The crowd of migrants charged to the six-metre (20-foot), triple-layer fence from encampments on the Moroccan side in the early morning, Spanish government delegates in Melilla said in a statement.

It accused the migrants of acting with "unusual violence".  

Five Spanish police officers were treated for injuries and five migrants were hurt, most of them when falling from the fence.

"About 140 of the migrants ended up perched on the fence" where they remained for several hours before being seized by Moroccan security forces.

Three migrants made it to the Spanish side and went running into Melilla. Two of these headed straight to the city's immigrant reception centre and the third was yet be found, the statement said.

It said Spanish police planned to charge them with assault and resisting authority.

The injured Africans were due to be taken to the immigrant centre after receiving medical attention.

A group of about 100 migrants had also tried to scale the fence on Tuesday and five made it over, authorities said.

Thousands of migrants fleeing war and hardship try each year to cross the fences surrounding Melilla and Ceuta, two Spanish territories bordering Morocco which have the European Union's only land borders with Africa.

Others try to sail across the 15-kilometre (nine-mile) strait from Morocco to Spain in makeshift boats and inflatable dinghies, or to smuggle themselves into the country hidden in vehicles.
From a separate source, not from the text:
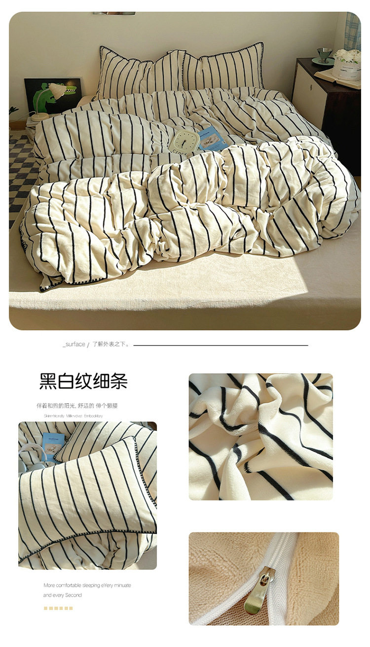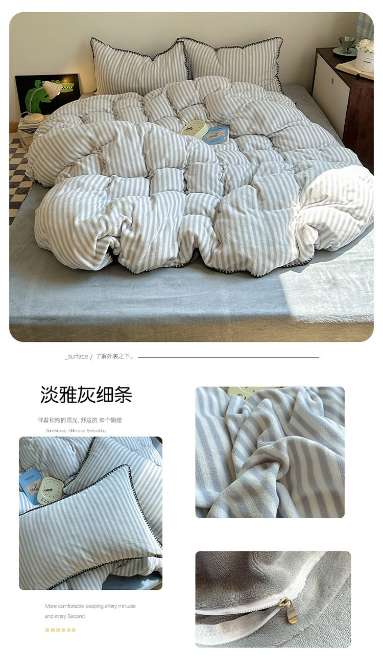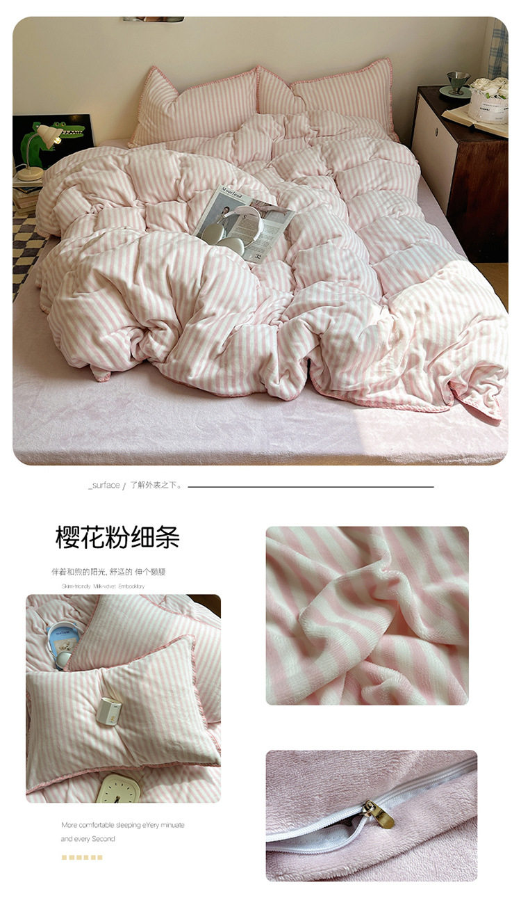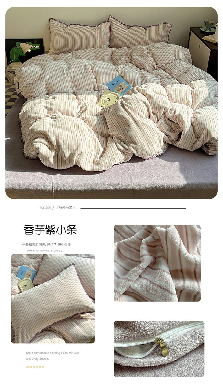 Soft Fufu Autumn and Winter Unprinted Milk Velvet Four-Piece Set Double-Sided Thickeneded Warm Coral Velvet Bed Bed Sheets Quilt Cover Three-Piece Set
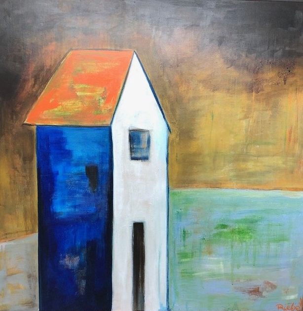 Een globale impressie van het schilderij "House for Sale" 100x100cm.

In early August, Spain's coast guard picked up over 1,000 people attempting to reach the country by boat.

Authorities blamed the rise in the number of migrants trying to cross the Strait on traffickers seeking to take advantage of calm summer seas and the end of the Islamic holy Ramadan month of fasting on July 28t

Lax policing in Morocco was also blamed with police sources telling Spain's El País newspaper Morocco's police and coast guard had not been on patrol for several days.